Could you write out, exactly as they stand, only the lines in the listing below from the line with "Nazwa Wydziału Koordynator" to the line with "A handful members", both ends included, without the pictures?
START MATERIAL SUPPLIED
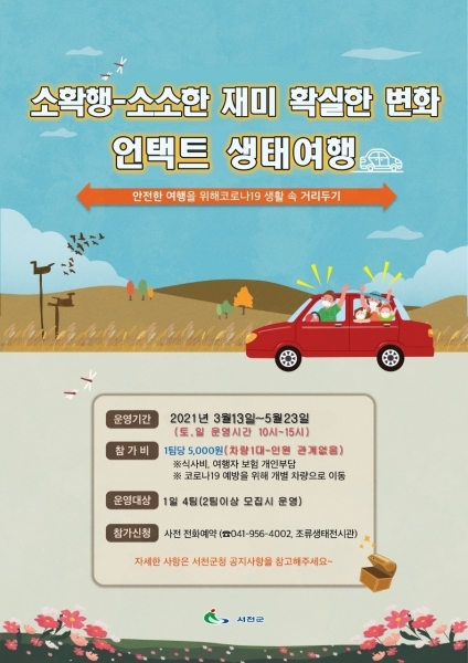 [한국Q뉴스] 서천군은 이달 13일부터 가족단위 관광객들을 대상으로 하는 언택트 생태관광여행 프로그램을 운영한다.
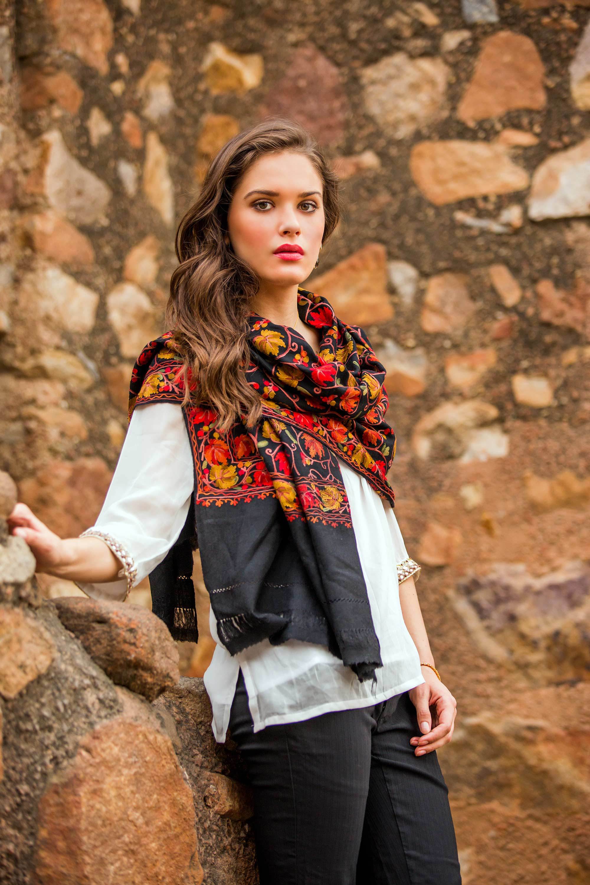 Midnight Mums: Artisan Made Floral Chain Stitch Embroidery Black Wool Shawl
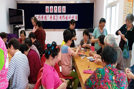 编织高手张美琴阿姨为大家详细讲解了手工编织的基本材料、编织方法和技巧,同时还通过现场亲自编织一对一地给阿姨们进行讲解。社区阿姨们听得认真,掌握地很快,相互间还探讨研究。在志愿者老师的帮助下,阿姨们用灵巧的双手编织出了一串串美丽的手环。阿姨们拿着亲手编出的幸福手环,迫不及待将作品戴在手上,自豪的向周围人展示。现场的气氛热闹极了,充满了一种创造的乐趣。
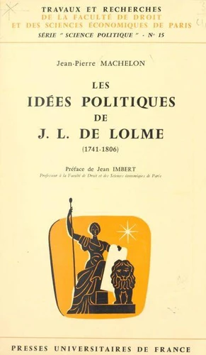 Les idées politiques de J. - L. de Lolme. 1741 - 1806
END MATERIAL SUPPLIED
START MATERIAL SUPPLIED
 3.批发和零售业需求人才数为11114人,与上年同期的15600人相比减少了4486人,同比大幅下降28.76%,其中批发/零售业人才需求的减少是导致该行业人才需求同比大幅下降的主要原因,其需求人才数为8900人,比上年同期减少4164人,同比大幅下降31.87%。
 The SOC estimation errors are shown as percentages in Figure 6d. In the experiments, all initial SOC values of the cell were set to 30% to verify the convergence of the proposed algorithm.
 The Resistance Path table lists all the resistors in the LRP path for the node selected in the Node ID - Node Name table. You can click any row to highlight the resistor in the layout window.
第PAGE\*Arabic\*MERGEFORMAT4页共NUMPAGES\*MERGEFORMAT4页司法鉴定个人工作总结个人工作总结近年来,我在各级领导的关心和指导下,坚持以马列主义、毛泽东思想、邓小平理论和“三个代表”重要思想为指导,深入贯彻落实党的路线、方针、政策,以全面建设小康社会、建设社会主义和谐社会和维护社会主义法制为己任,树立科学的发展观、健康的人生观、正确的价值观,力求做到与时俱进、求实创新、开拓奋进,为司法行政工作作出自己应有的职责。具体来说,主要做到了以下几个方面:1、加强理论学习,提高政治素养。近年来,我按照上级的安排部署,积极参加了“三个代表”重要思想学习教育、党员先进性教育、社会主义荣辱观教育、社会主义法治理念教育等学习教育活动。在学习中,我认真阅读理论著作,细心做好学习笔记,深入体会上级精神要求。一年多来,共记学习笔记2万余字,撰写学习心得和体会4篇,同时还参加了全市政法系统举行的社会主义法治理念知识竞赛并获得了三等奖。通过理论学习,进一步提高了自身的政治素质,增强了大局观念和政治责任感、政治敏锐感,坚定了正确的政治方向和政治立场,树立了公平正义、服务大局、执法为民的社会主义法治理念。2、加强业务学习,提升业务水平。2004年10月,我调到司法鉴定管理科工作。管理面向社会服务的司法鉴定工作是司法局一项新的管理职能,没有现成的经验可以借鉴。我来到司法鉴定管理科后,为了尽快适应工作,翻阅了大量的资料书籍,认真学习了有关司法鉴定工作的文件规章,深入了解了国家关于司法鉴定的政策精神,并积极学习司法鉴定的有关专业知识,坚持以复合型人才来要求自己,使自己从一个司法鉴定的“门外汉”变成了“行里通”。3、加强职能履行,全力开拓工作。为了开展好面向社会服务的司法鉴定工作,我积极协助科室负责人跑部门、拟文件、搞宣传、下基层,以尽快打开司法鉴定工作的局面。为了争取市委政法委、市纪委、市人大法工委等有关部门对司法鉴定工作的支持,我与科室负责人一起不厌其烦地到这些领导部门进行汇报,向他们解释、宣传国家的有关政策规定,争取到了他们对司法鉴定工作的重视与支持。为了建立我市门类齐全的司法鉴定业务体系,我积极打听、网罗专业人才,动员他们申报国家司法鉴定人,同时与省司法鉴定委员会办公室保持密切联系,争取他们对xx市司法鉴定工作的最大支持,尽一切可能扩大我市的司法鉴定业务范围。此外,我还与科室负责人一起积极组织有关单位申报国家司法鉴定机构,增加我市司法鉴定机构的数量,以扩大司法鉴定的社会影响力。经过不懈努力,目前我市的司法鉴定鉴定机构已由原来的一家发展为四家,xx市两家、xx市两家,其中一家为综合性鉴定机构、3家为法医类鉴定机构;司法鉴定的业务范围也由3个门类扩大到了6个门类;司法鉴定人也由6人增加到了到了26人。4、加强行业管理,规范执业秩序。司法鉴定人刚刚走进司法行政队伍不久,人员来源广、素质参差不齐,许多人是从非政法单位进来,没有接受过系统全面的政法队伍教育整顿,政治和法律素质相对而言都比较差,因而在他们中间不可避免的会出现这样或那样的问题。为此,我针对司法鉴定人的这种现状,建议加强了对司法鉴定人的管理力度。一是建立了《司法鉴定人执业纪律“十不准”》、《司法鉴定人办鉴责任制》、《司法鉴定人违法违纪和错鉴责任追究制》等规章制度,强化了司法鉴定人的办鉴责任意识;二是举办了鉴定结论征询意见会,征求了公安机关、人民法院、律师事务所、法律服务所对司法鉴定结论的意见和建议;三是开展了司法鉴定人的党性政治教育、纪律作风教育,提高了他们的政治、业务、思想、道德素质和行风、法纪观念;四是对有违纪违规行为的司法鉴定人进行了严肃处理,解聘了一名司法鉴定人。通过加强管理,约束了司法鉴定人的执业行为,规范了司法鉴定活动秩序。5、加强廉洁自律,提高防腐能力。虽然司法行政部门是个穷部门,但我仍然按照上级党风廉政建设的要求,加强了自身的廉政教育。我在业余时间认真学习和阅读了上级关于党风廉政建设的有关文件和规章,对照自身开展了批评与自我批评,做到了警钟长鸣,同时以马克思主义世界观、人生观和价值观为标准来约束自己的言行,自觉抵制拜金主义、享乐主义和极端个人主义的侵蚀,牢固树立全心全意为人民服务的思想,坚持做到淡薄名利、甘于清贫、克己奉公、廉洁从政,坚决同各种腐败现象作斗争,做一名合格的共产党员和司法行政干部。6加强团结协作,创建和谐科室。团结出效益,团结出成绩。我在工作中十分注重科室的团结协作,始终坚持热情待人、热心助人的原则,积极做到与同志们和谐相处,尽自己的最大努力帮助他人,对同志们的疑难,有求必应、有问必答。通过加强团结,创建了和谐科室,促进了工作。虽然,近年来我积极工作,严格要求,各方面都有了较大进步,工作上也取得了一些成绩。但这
END MATERIAL SUPPLIED
START MATERIAL SUPPLIED
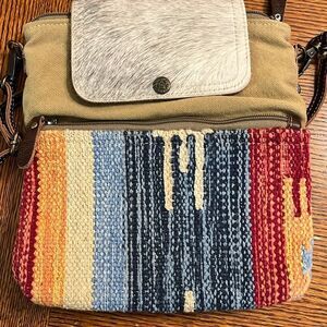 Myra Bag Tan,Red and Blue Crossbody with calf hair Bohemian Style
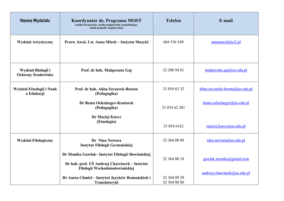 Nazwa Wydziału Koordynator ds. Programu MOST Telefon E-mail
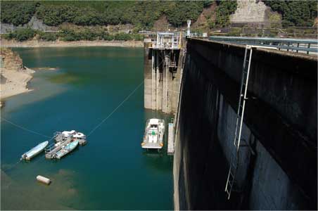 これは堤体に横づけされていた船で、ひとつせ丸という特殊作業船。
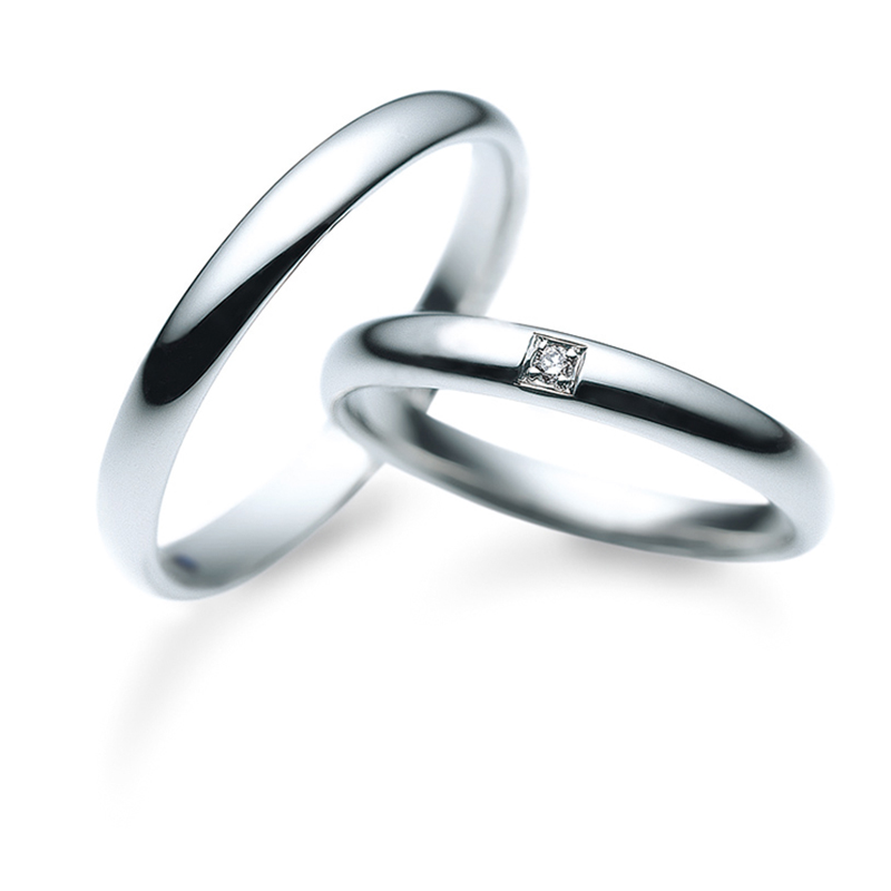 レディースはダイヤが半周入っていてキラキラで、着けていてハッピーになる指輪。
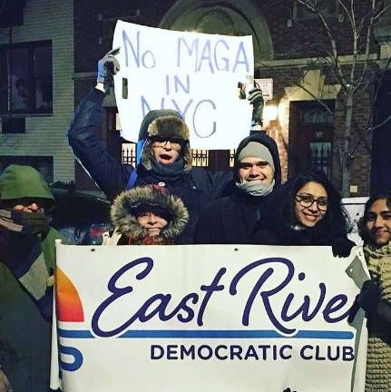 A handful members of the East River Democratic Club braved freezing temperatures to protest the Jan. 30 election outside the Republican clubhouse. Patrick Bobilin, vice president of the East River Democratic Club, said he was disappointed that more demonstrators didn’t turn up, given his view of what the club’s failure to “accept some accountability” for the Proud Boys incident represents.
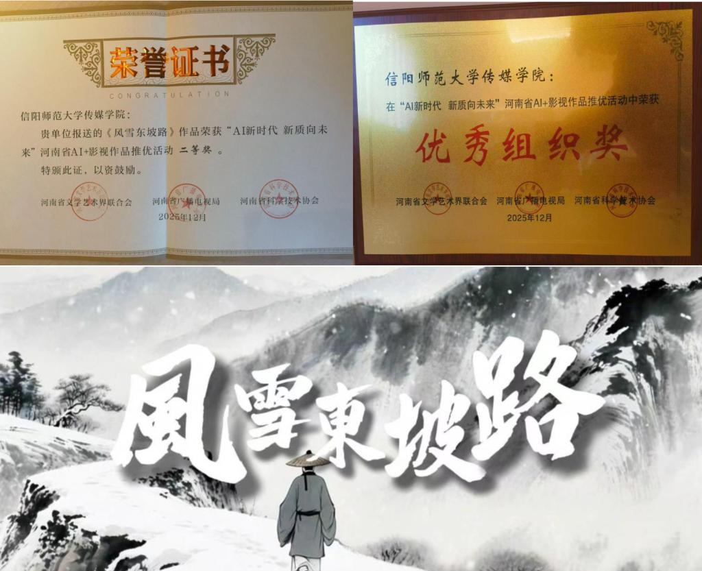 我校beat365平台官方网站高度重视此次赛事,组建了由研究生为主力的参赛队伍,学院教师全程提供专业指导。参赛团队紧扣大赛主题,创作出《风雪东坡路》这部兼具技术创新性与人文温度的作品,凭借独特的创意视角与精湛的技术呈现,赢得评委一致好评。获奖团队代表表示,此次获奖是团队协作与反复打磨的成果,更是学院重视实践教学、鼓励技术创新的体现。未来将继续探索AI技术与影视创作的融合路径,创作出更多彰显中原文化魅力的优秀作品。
END MATERIAL SUPPLIED
THE ANSWER:
 Nazwa Wydziału Koordynator ds. Programu MOST Telefon E-mail
 これは堤体に横づけされていた船で、ひとつせ丸という特殊作業船。
 レディースはダイヤが半周入っていてキラキラで、着けていてハッピーになる指輪。
 A handful members of the East River Democratic Club braved freezing temperatures to protest the Jan. 30 election outside the Republican clubhouse. Patrick Bobilin, vice president of the East River Democratic Club, said he was disappointed that more demonstrators didn’t turn up, given his view of what the club’s failure to “accept some accountability” for the Proud Boys incident represents.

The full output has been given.